5 Same as 4, plus at least one impact analysis demonstrating change in clinician behavior with resulting beneficial effect.
Formula
Addition of the selected points:
0 points 1 point 2 points
History1 Mostly low-risk features Mixture of high-risk and low-risk features Mostly high-risk features
EKG Normal Non-specific changes2 New ischemic changes3
Age (years) <45 45–65 ≥65
Risk factors4 No known risk factors 1–2 risk factors ≥3 risk factors or history of atherosclerotic disease (CAD, CVA, PAD)
Initial troponin5 ≤normal limit 1–2× normal limit >2× normal limit
  1. High risk features of chest pain: Retrosternal pain, pressure, radiation to jaw/left shoulder/arms, duration 5–15 min, initiated by exercise/cold/emotion, perspiration, nausea/vomiting, reaction on nitrates within mins, patient recognizes symptoms. Low risk features: well localized, sharp, non-exertional, no diaphoresis, no nausea or vomiting, and reproducible with palpation.

  2. Repolarization abnormalities, non-specific T wave changes, non-specific ST-segment depression or elevation, bundle branch blocks, pacemaker rhythms, LVH, early repolarization, or digoxin effect.

  3. lschemic ST-segment depression or new ischemic T-wave inversions.

  4. HTN, hypercholesterolemia, DM, obesity (BMI >30 kg/m2), smoking (current, or smoking cessation ≤3 mo), positive family history (parent or sibling with CVD before age 55).
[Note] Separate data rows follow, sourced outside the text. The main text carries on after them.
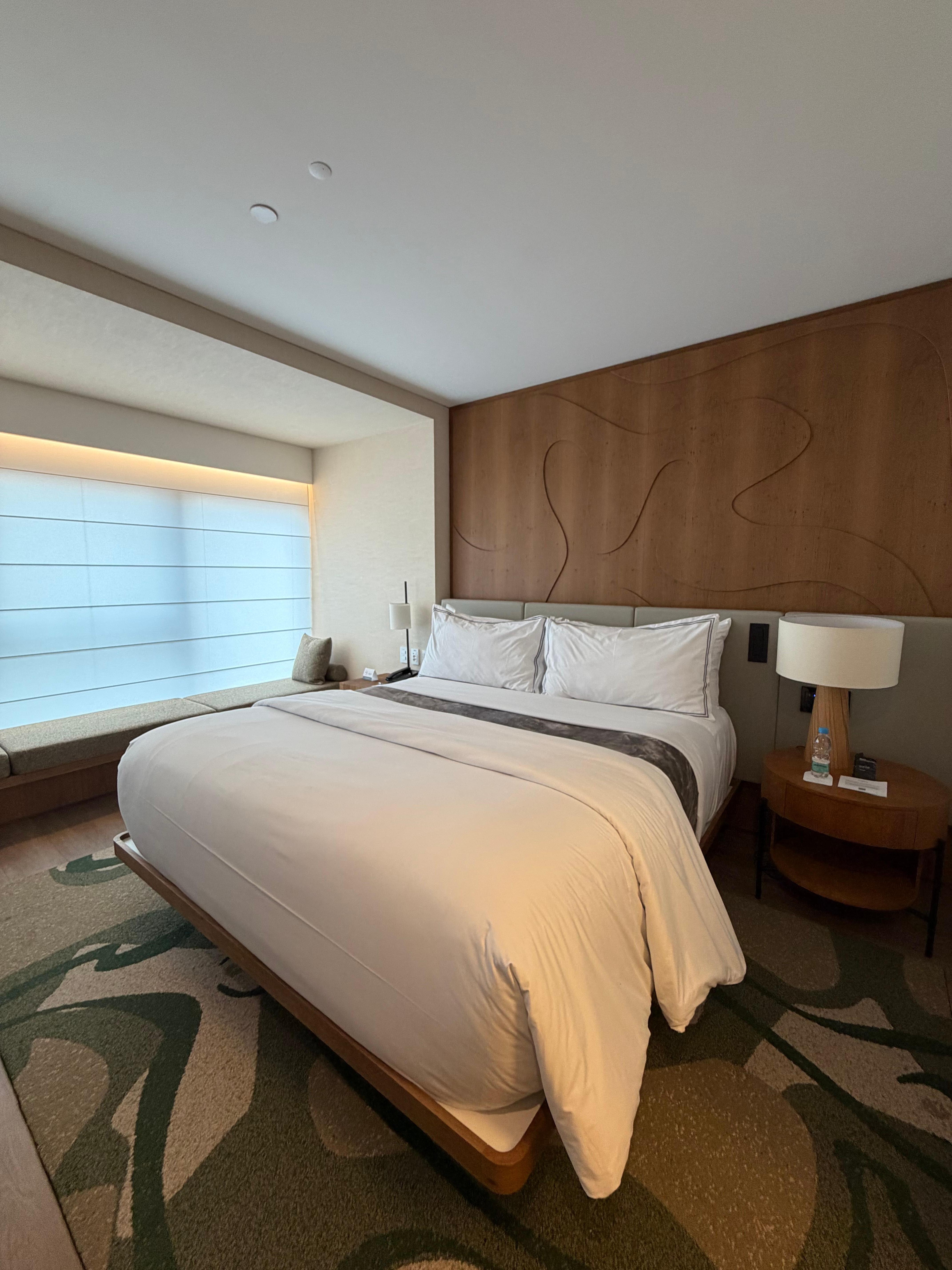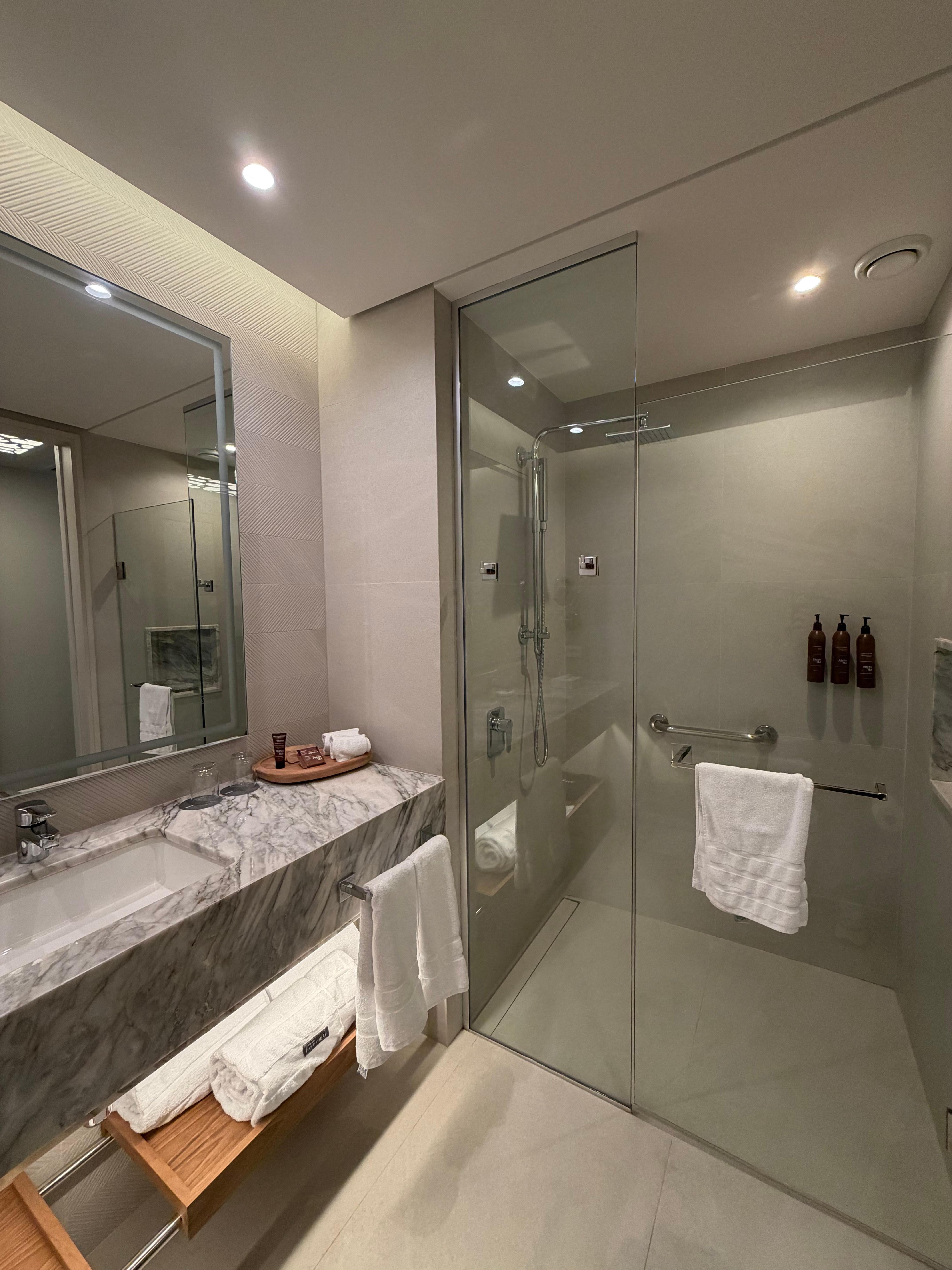 O minibar é bastante limitado e a cama, na minha opinião, poderia ser mais confortável. Um ponto que considero especialmente negativo é o sistema de entretenimento do quarto: simplesmente não é possível espelhar o celular na televisão, e o hotel tampouco oferece uma solução como Chromecast ou algo similar — algo que considero essencial em um hotel recém-inaugurado.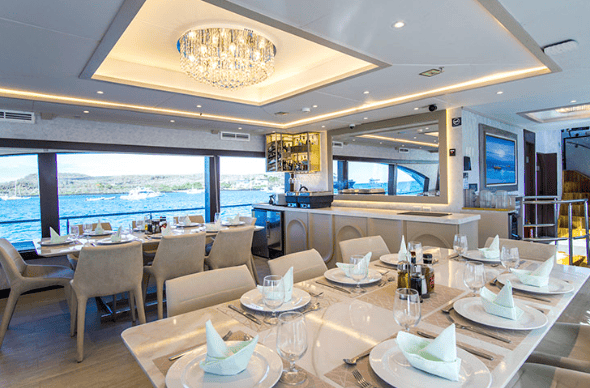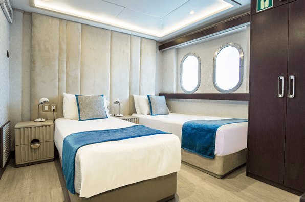 8 cabins distributed between 1 master suite and 7 staterooms with private bathroom and air conditioning.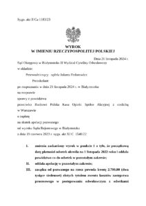 Szczęśliwie dla naszego Klienta skończył się spór sądowy z PKO SA z siedzibą w Warszawie. Sąd Okręgowy w Białymstoku oddalił apelację Banku i obciążył tę instytucję kosztami postępowania. Wyrok został zmieniony li tylko z inicjatywy Sądu i tylko w zakresie daty początkowej odsetek.
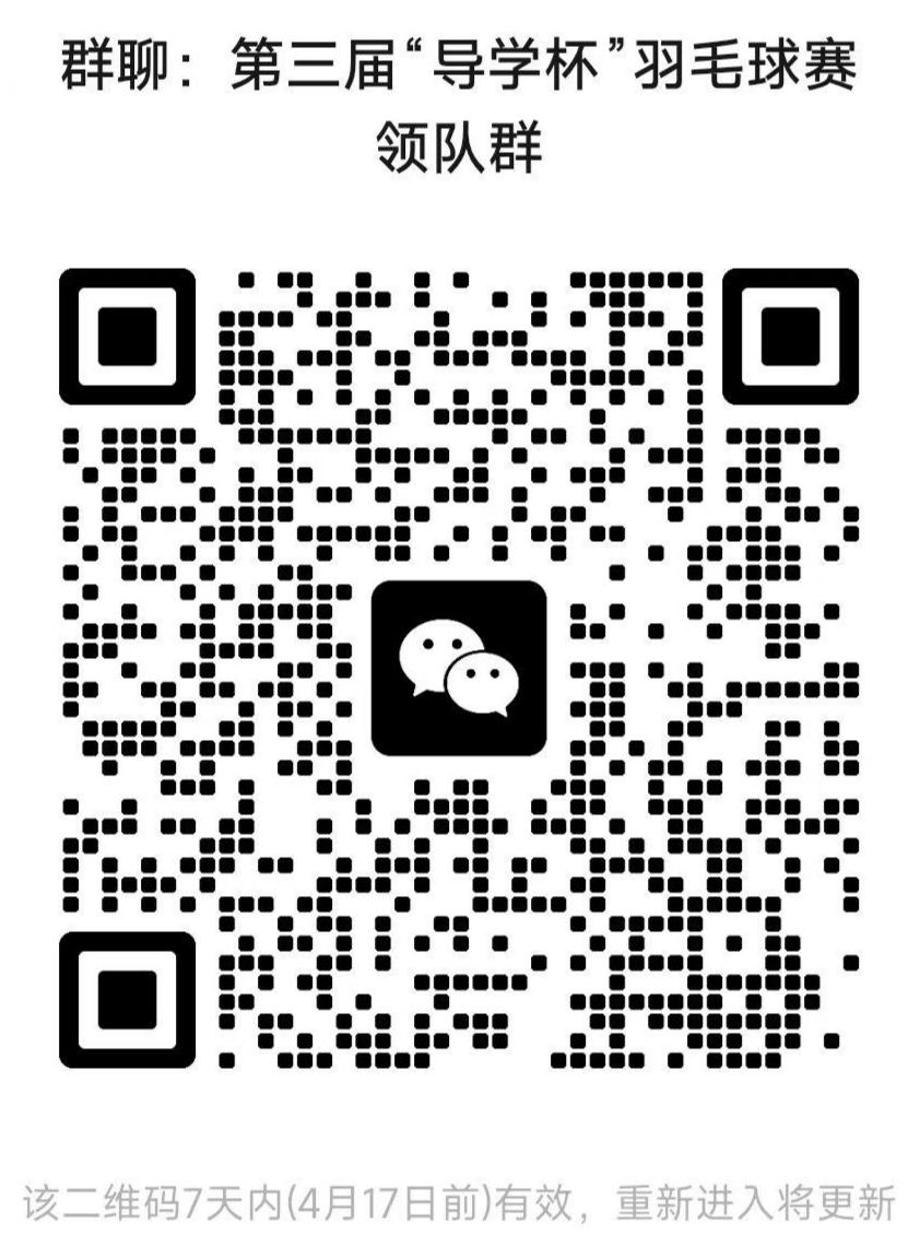 (1)比赛微信群:各参赛学院领队需在报名截止前加入“第三届‘导学杯’羽毛球赛领队”微信群,负责后续事宜的沟通与联系。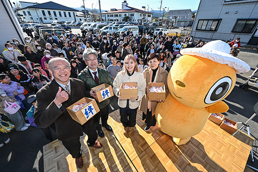 ※写真:餅まきの様子(左より野田村商工会長 佐藤 仁昭様、野田村長 小野寺 勝幸様、ダンスチーム「SUNLIGHT」代表 HINA先生、日本アムウェイ財団 代表理事 佟 嘉楓)

  5. Use local assays and corresponding cutoffs.

Facts & Figures

Interpretation:
HEART Score Initial troponin Recommendation Risk
≤3 0 points If no new ischemic EKG changes or history of CAD, repeat troponin at 3 hours and if negative, discharge home with outpatient follow-up. Low (<1% 30-day MACE)
1–2 points Cardiology consultation and admission recommended. Further testing indicated. High
≥4 0 points Admit to hospital or observation. Further testing indicated.
1–2 points Cardiology consultation and admission recommended. Further testing indicated.